A bit later in that same function:

                /* Don't change CR0.TS if we just switch! */
                if (fpu.preload) {
                        new_fpu->counter++;
                        __fpregs_activate(new_fpu);
			^^^^^^^^^^^^^^^^^

->fpregs_active gets set here and when the task returns to
__fpu__restore_sig(), fpu__restore() sets it again, leading to the WARN.

Mind you, this happens on 32-bit only because there we sigreturn with
irqs enabled. Look at the call trace.

> If yes then we need a plausible theory of how that never triggered on
> modern Intel CPUs that had eagerfpu enabled for years.

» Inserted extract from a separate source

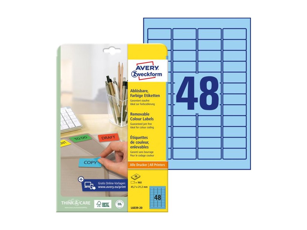 Etikety Avery odnímateľné 45,7x21,2 mm, modré

AFAICT, it triggers - and the window is very small at that - only on
32-bit. If at all.

> Or perhaps was it caused by one of the other changes in tip:x86/fpu:
> 
>   c6ab109f7e0e x86/fpu: Speed up lazy FPU restores slightly
>   a20d7297045f x86/fpu: Fold fpu_copy() into fpu__copy()
>   5ed73f40735c x86/fpu: Fix FNSAVE usage in eagerfpu mode
>   4ecd16ec7059 x86/fpu: Fix math emulation in eager fpu mode
> 
> ?

I can certainly try to test all those but I don't have a reliable
reproducer. The only thing I could do is check out each of those commits
and stick a schedule() in __fpu__restore_sig() and see what happens.

But if my analysis above is right, none of those would matter because of
the mechanism of how the warn happens...

-- 
Regards/Gruss,
    Boris.

ECO tip #101: Trim your mails when you reply.